White House economic adviser Larry Kudlow says the U.S. economy is enjoying a “strong prosperity boom” despite critics claiming otherwise.
“We are in a strong prosperity boom and every data point shows that. And when we go into the distribution of those economic benefits it is precisely the bottom half, in some cases the lowest 10 percent, that have actually done the very best in this economy,” the veteran financial guru and former Ronald Reagan adviser explained to Fox Business Network’s Stuart Varney on Monday.
“I grow weary as I read these articles, at some of our critics ... some of whom appear to be running for higher office, and they are painting a picture of an economy deep into recession,” said Kudlow, who worked as Reagan’s budget deputy between 1981 and 1985.

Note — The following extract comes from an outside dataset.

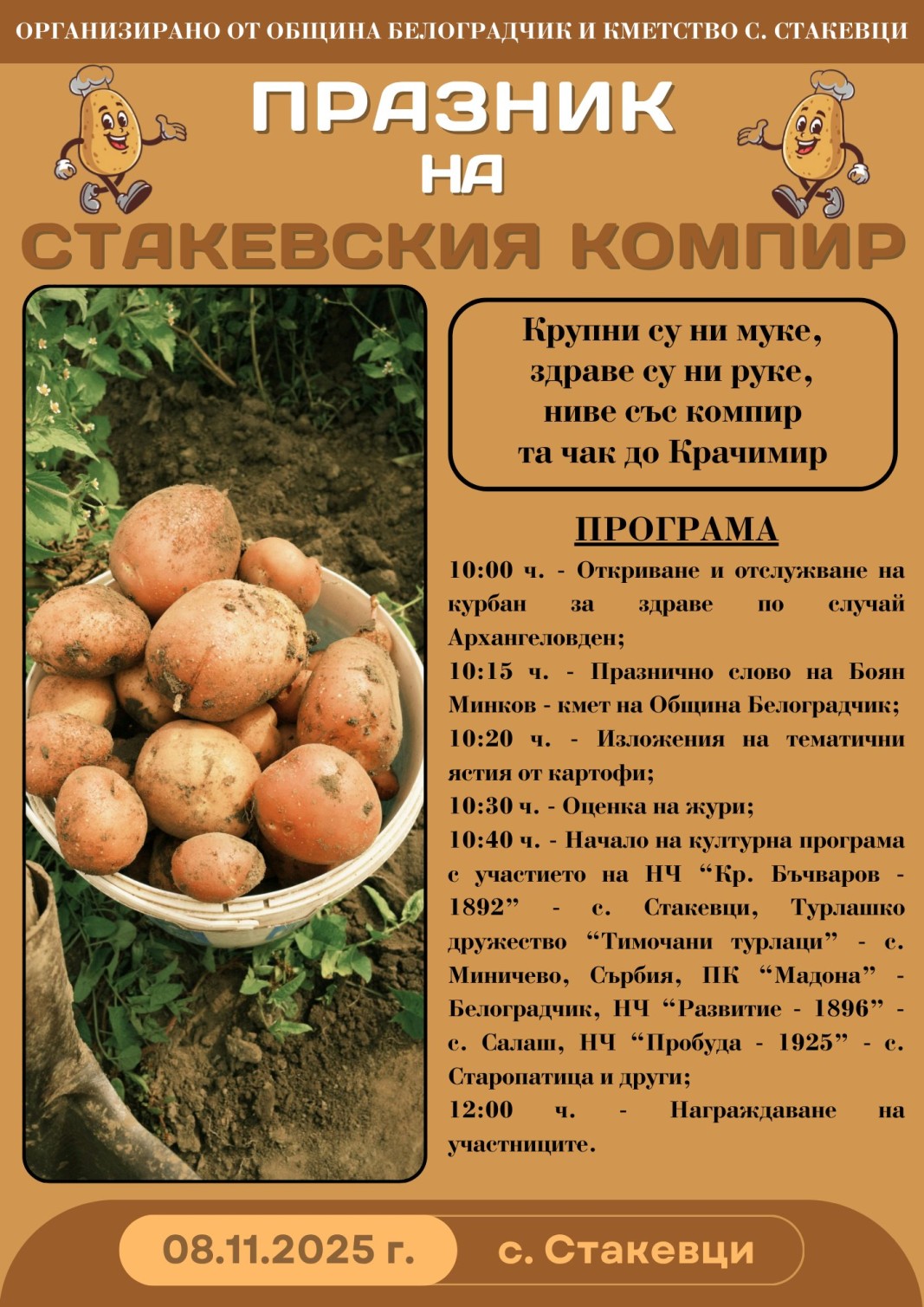 Празник на "Стакевския компир" ще се проведе за първи път утре на 8 ноември в белоградчишкото село Стакевци. Празникът се организира съвместно от кметство Стакевци, съвместно с община Белоградчик, а идеята идва от местните хора.

The U.S. economy is on a 3 percent growth path for 2019 and “profits will outperform the usual doom and gloom,” predicted Kudlow, who served as the Trump campaign's senior economic adviser.
An accumulation in inventories contributed to a 3.1% annualized increase in GDP in the first quarter, Reuters explained. Inventories are expected to have subtracted from GDP growth in the second quarter.
The Atlanta Federal Reserve is forecasting the economy grew at a 1.4% rate in the second quarter.
The government will publish its advance second-quarter GDP growth estimate later this month.
Meanwhile, government officials, in their efforts to calculate U.S. gross domestic product, are falling further behind in measuring rapidly evolving technology, especially smartphones that provide essentially-free digital products such as Google Maps and Snapchat, according to a Goldman Sachs Group Inc. analysis.
Mismeasurement understates the annual pace of inflation-adjusted GDP growth by around 1 percentage point, compared with 0.5 point in 2005 and 0.3 point in 1995, according to a report this week by economist Spencer Hill, Bloomberg reported.
He based the assessment on GDP tallies across four categories: Unmeasured nominal output, free and crowdsourced digital products, consumer inflation, and business investment in information and communication technology.
“This is somewhat larger than our previous estimates and would imply that roughly half of the post-crisis productivity slowdown is explained by greater mismeasurement,” Hill wrote in a report. He also cautioned that the uncertainty around the estimates is large, particularly with respect to digital goods and health-care consumer inflation.